WORK TO COMPLETE: Leaving the pictures out, print the lines from the first line of the listing through the line containing "With regard to", exactly as they read, and no others.

INFORMATION SUPPLIED:
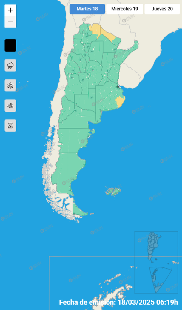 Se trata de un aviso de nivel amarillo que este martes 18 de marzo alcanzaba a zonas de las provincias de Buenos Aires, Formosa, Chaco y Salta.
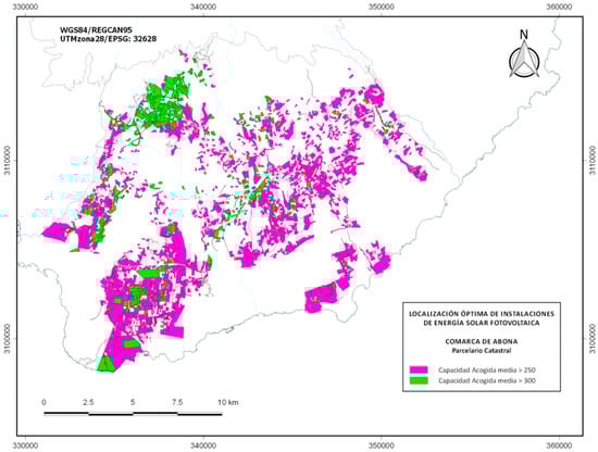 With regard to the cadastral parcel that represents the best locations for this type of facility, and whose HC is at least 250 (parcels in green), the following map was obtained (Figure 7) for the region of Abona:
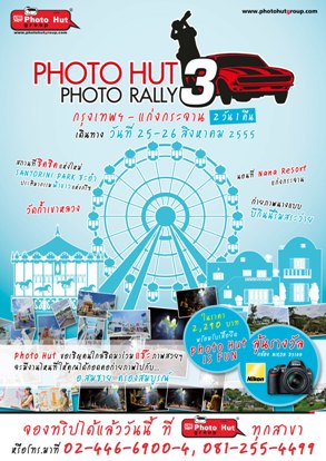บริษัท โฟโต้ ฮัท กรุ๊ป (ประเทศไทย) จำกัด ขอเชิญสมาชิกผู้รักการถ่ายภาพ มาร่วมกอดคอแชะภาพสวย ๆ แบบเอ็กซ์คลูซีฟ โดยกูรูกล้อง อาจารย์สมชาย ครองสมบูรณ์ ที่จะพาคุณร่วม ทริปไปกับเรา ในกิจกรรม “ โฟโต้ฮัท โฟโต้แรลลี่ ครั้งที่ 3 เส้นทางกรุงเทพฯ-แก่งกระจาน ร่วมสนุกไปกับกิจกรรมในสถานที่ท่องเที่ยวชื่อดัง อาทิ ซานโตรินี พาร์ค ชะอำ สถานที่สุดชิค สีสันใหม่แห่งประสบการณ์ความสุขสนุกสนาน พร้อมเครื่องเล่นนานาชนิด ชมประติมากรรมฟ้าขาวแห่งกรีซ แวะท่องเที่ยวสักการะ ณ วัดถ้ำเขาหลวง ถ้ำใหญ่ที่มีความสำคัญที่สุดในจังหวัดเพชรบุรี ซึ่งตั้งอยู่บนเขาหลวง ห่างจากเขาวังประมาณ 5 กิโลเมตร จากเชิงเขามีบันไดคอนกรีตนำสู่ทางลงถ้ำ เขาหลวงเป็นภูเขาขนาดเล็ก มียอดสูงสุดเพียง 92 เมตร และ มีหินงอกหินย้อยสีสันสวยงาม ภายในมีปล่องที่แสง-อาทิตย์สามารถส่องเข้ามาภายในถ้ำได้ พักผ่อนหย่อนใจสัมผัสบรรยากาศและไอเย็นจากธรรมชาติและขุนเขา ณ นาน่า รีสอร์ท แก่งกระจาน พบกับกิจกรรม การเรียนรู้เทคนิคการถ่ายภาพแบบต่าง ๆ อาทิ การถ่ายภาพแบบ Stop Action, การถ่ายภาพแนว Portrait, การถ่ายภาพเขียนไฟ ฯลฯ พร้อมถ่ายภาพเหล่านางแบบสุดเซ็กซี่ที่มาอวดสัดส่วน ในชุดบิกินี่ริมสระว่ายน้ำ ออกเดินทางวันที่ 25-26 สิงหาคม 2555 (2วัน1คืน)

SOLUTION TO THIS EXERCISE:
 Se trata de un aviso de nivel amarillo que este martes 18 de marzo alcanzaba a zonas de las provincias de Buenos Aires, Formosa, Chaco y Salta.
 With regard to the cadastral parcel that represents the best locations for this type of facility, and whose HC is at least 250 (parcels in green), the following map was obtained (Figure 7) for the region of Abona:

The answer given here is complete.